Single by DeBarge

from the album All This Love
- B-side: "Hesitated"
- Released: 1982
- Recorded: 1981–1982
- Genre: R&B; soul;
- Length: 4:40 (album version); 3:43 (single edit);
- Label: Gordy
- Songwriters: William DeBarge; Eldra DeBarge; Etterlene DeBarge;
- Producers: El DeBarge; Iris Gordy;

DeBarge singles chronology
| "Stop! Don't Tease Me" (1982) | "I Like It" (1982) | "All This Love" (1982) |

Audio
- "I Like It - DeBarge" on YouTube

= I Like It (DeBarge song) =

1982 single by DeBarge

"I Like It" is a song by American family band DeBarge. It was released in 1982 by Motown Records as the second single from their second studio album, All This Love (1982).

==Overview==
===Recording===
After releasing their poorly received self-titled album, the group quickly returned to the studio to record their second album. Choosing to add younger brother James and shortening their name to simply DeBarge, the group returned to Motown's recording studios determined to produce a hit.

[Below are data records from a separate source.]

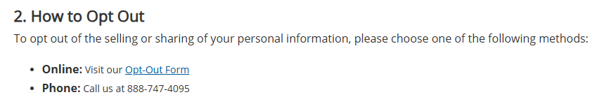 | Opt-out Methods | web form/contact form |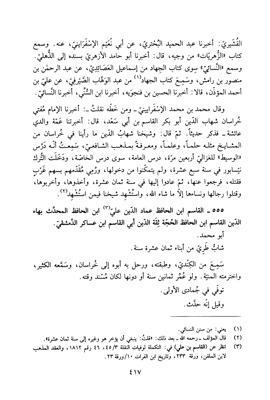 [3] انظر عن (القاسم بن علي) في: التكملة لوفيات النقلة 3/ 45، 46 رقم 1812، والعقد المذهب لابن الملقن، ورقة 233، وتاريخ ابن الفرات 10/ ورقة 23.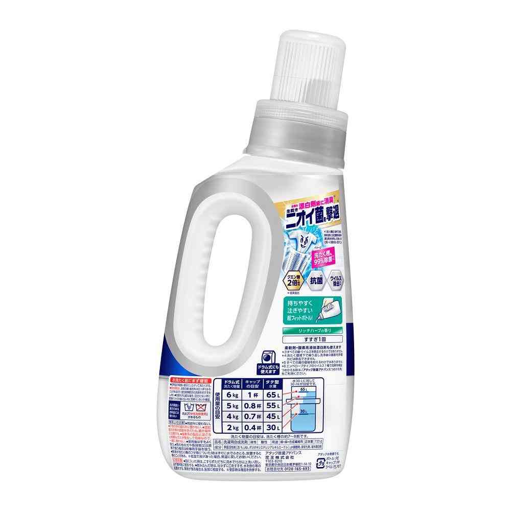 界面活性剤[20%、LAS、ポリオキシエチレンアルキルエーテル]、pH調整剤、安定化剤、蛍光増白剤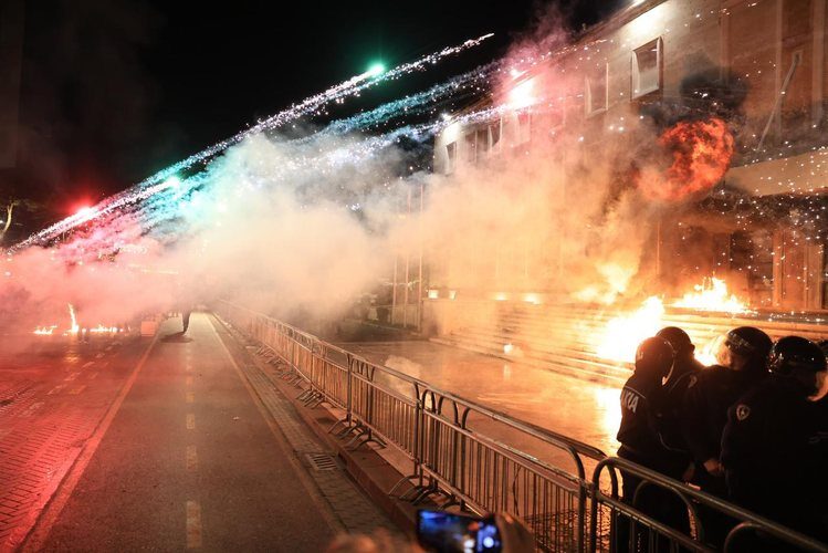 Siç ka ndodhur edhe në protestën e 10 shkurtit, zjarri dhe sulmi ndaj institucionit ka nisur menjëherë pasi kreu i PD-së, Sali Berisha përfundoi fjalën e tij.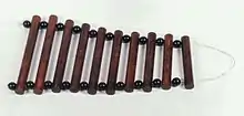 - (Musique) Régale, instrument formé de lames de bois dur qu’on touche avec une petite boule d’ivoire attachée à une petite baguette.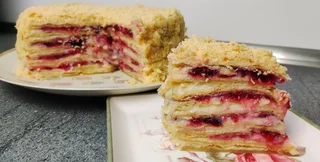 Классический десерт с оригинальным дополнением: рецепт "Наполеона" с малиной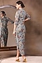 Featuring a green maxi draped dress in crepe base with print, sequins work, and a metal belt.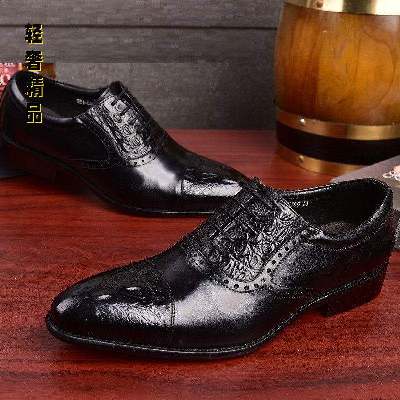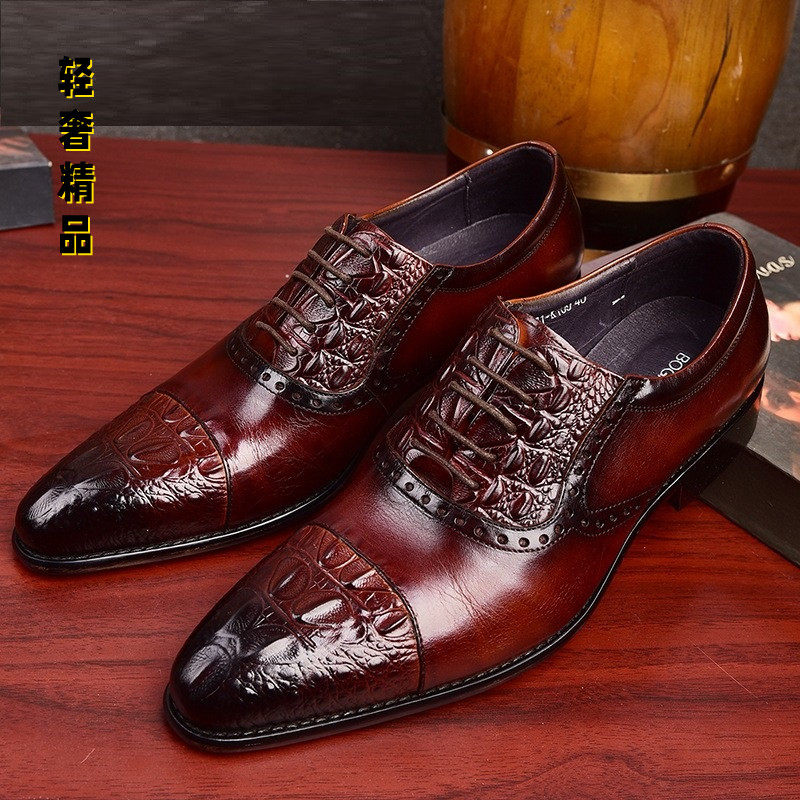 Pag Lietou Layer Cow Leather Crocodile Print Dress Leather Leather Shoes Manly Handmade Men's Shoes Fashion Inglén Business Casual Shoes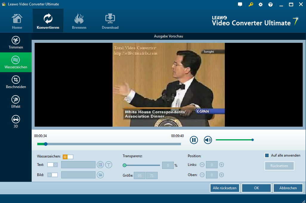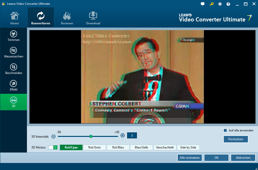Diese Video Converter Ultimate bietet auch 2D zu 3D Konvertierung. Sie können 2D-DVD / Video zu 3D-Video in verschiedene Formate frei konvertieren. 3D-Effekte wie: Rot / Cyan, Rot / Grün, Rot / Blau, Blau / Gelb, Verzahnt, Seite an Seite. 3D-Tiefe kann auch verstellt werden. Sie können 3D-Effekt auf dem Video Bearbeitungspanel wählen. Sofortige Vorschau von 3D-Effekt ist auch verfügbar.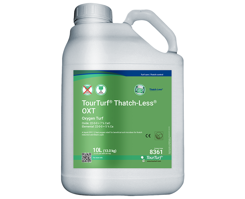 TourTurf® Thatch-Less® OXT Oxygen Turf is a liquid N-fertiliser, containing an oxygen release technology comprised of six oxygen and nitrogen compounds. A blend of wetting agents from a unique manufacturing process is added to achieve the high specifications and to ensure chemical stability. Use TourTurf® Thatch-Less® OXT to give a rapid release of oxygen to anaerobic rootzones to assist in thatch reduction, in Black Layer alleviation, as a cold spring starter fertiliser and to aid in quick recovery and restore density after disease.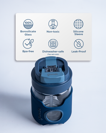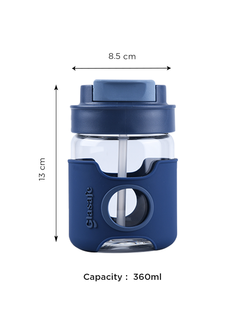 Set of 2 Glass Tumblers with Dual-Flip Lid & Silicone Cover - (360mlx2) (Grey, Blue)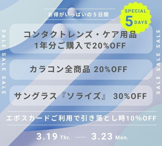 ・コンタクトレンズ・ケア用品1年分ご購入で20%OFF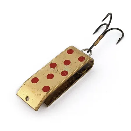 Pois rossi punteggiano la classica finitura dorata di questa esca metallica vintage da 3,5 cm. Identificato dal codice prodotto 18180, questo esemplare si distingue per il particolare design a piastra ripiegata, che unisce le caratteristiche di un cucchiaino ondulante e di un rotante. Con un peso di 9 g, il Lil Jake è bilanciato per lanci precisi in fiumi o laghi. Prodotta nel Wyoming, USA, questa esca mostra segni di un uso attento, con una valutazione delle condizioni pari a 4/5. La placcatura dorata conserva una brillante lucentezza sul corpo rettangolare, che termina con una piega netta vicino all'attacco del filo. Un'ancoretta brunita è assicurata da un robusto split ring in coda, a testimonianza della solidità costruttiva tipica della prima produzione di Jake's Lures.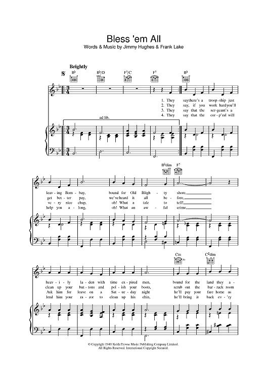 Digital Sheet Music for Bless 'Em All by Jimmy Hughes, Frank Lake scored for Piano/Vocal/Chords; id:392894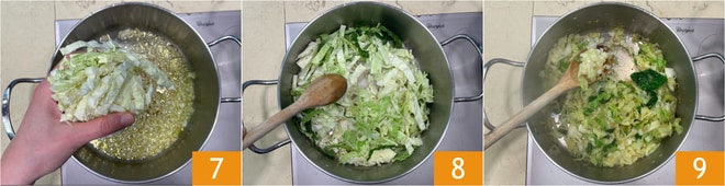 Quando a cebola estiver dourada, adicione as tiras de repolho 7 e refogue em fogo médio-alto por alguns minutos 8. Depois de amolecido, retire o repolho da panela 9 e reserve.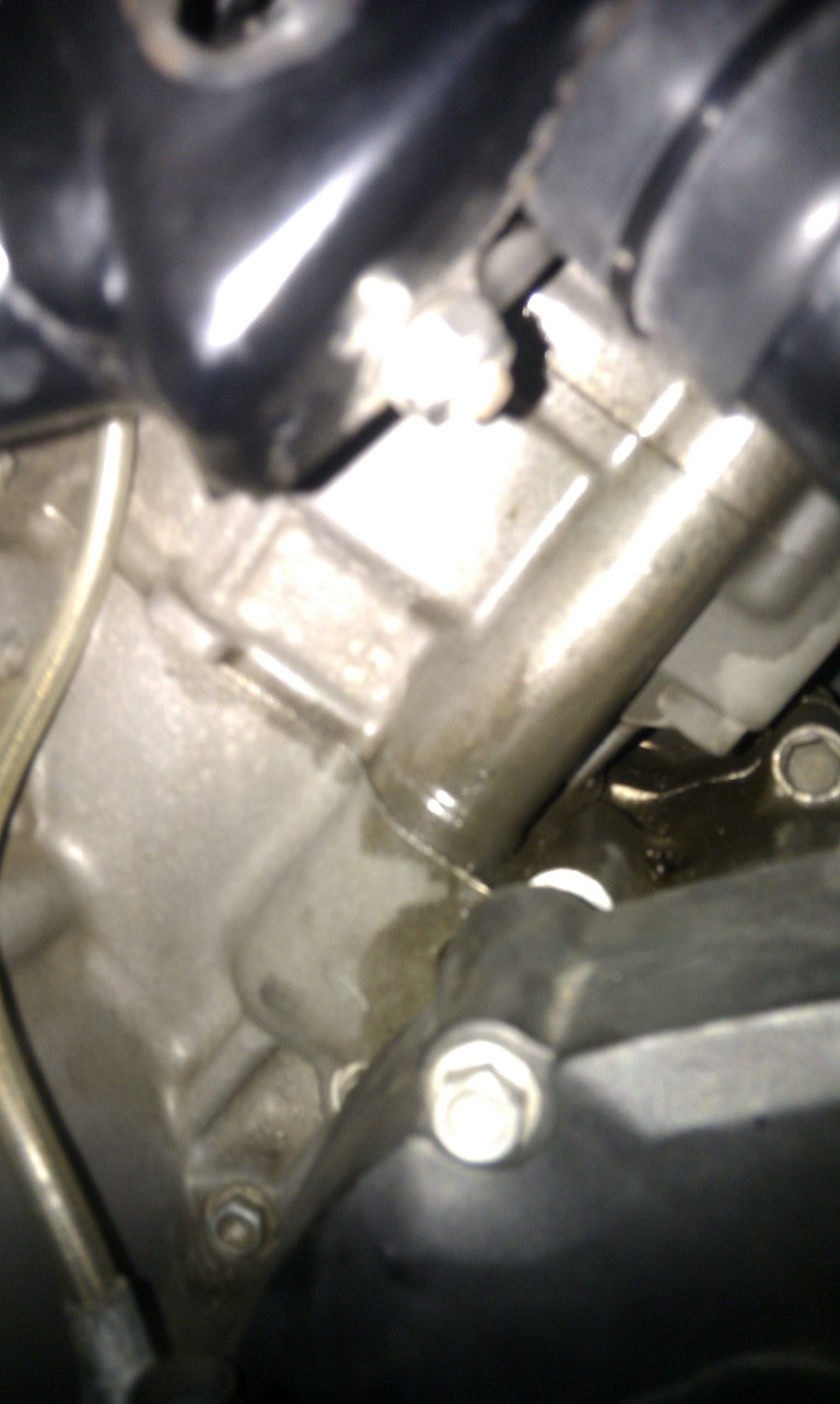 Afgelopen weekend heb ik onderhoud aan de motor gedaan en nu zit er olie op de achterste cilinder aan de linkerkant. Vlak daarboven zit een gaatje. Het gaatje zit achter de klauw van de valbeugel. Kan het zijn dat dat een soort overloop is? Of heeft een van jullie enig idee waar het anders vandaan kan komen?
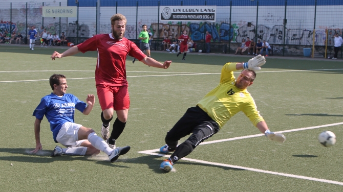 „Männer, aufwachen – das Spiel hat angefangen!“ Als dieser Ruf von Rotation-Trainer Olaf Seier über den Teschsportplatz schallte, waren bereits drei Minuten gespielt und die Prenzlauer Berger hatten bereits das erste Gegentor kassiert…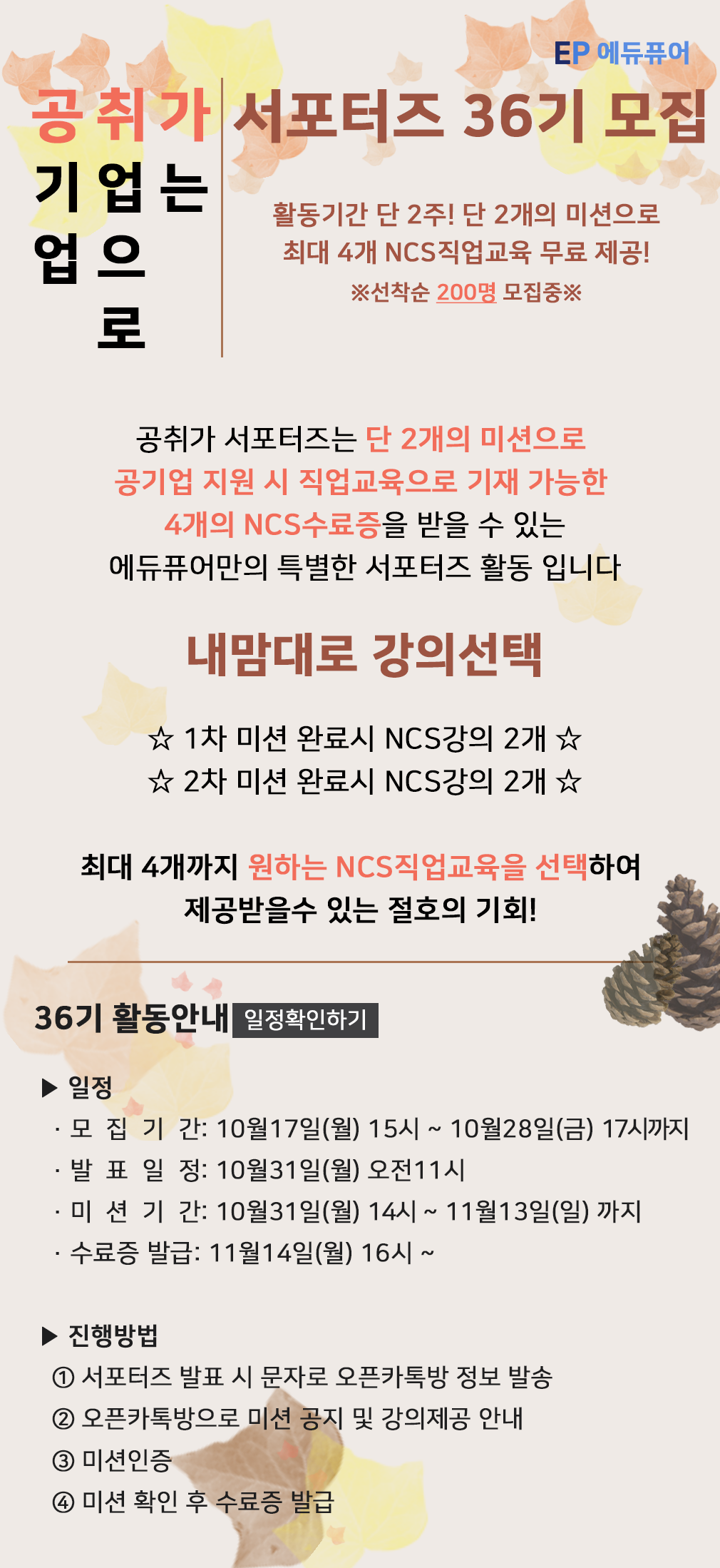 안녕하세요 😁 성공으로 가는 교육 에듀퓨어 입니다. 하반기 대비하실 수 있는 2주간 직업교육 4개를 무료로 제공 받을 수 있는 서포터즈를 소개합니다 🎉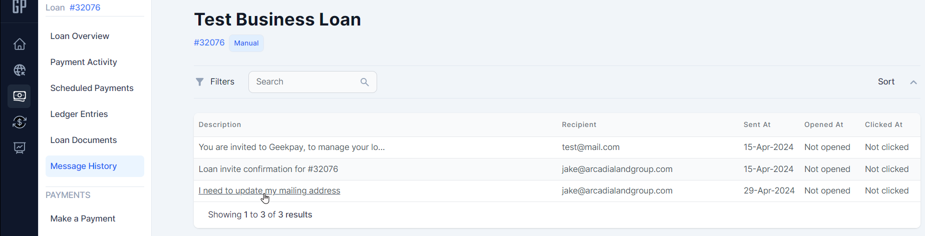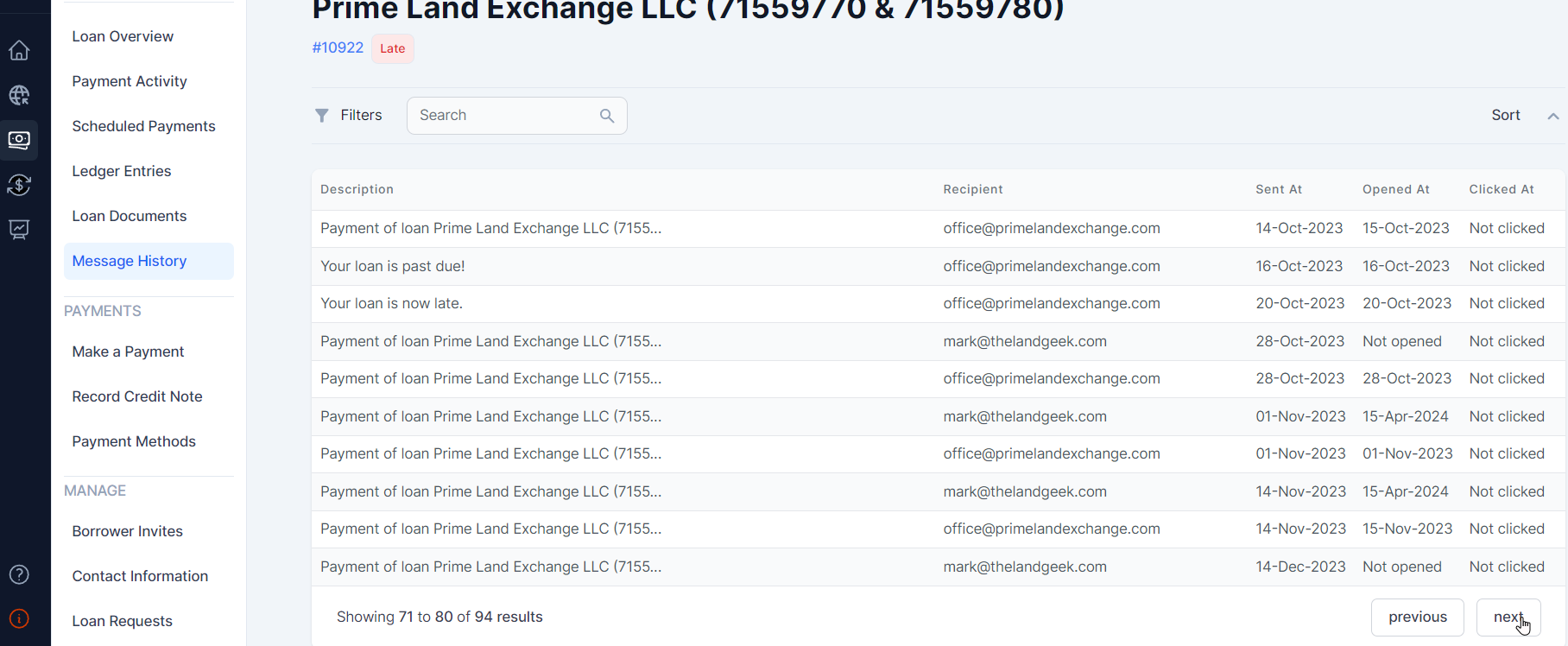 This section shows all notifications and messages ( from Loan requests)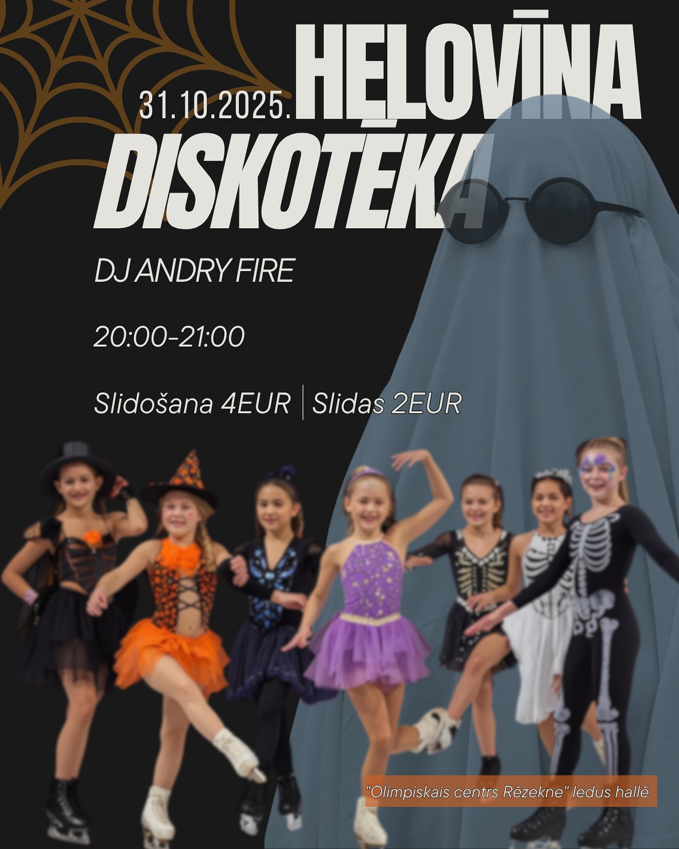 30.10.2025 31 октября с 20-00 до 21-00 в ледовом холле "Олимпийского центра Резекне" (ул. Стацияс, 30, Резекне) состоится дискотека на льду в честь Хэллоуина.Посетителей встретят призраки в образе фигуристов — вместе покатаемся, потанцуем и просто проведем вечер в крутой, призрачной атмосфере.

The song was musically composed by El DeBarge, who also produced the track with Iris Gordy, with lyrics provided by Randy, El and sister Bunny, who composed the much-copied bridge. While being interviewed for the TV documentary, Unsung, in 2008, co-producer Iris Gordy told El to sing the final ad-libs "I like it, I like it", in a higher register. El responded by telling Iris that she was "trying to make [him] sound like [his brother] Bobby", to which Iris returned with, "you better thank your lucky stars if you sound even close to Bobby".

According to Randy, who was also interviewed for the show, while he wrote lyrics to and sang lead on the song's verses, while Bunny wrote the bridge, which El sung, while Bunny said El "was the producer, he brought it all home". El composed the musical track. It also featured a sing-along type unified harmony which was arranged by El.

===Reception===
"I Like It" was released in August 1982 and became the band's first huge hit, peaking at number two on the R&B singles chart while crossing over to the pop singles chart, where it peaked at number 31 helping to make their All This Love album go gold.

It has remained a covered and sampled track in R&B and hip-hop music since its release with some of its lyrics and melodies interpolated or recalled in other songs. The El-sung bridge, "I like the way you comb your hair/and I like those stylish clothes you wear/it's just the little things you do/that shows how much you really care", has been often repeated.

The original song is deemed a "Motown classic" by fans of the label's sound.

===Cover versions and samples===
R&B trio Jomanda covered it in 1993, while artists such as Nelly, LL Cool J, Beyoncé, Grand Puba, Wreckx-n-Effect, and Warren G have sampled the song. In July 1993, Jomanda's cover reached #83 on the Billboard Hot 100 and #69 on the Cash Box Top 100.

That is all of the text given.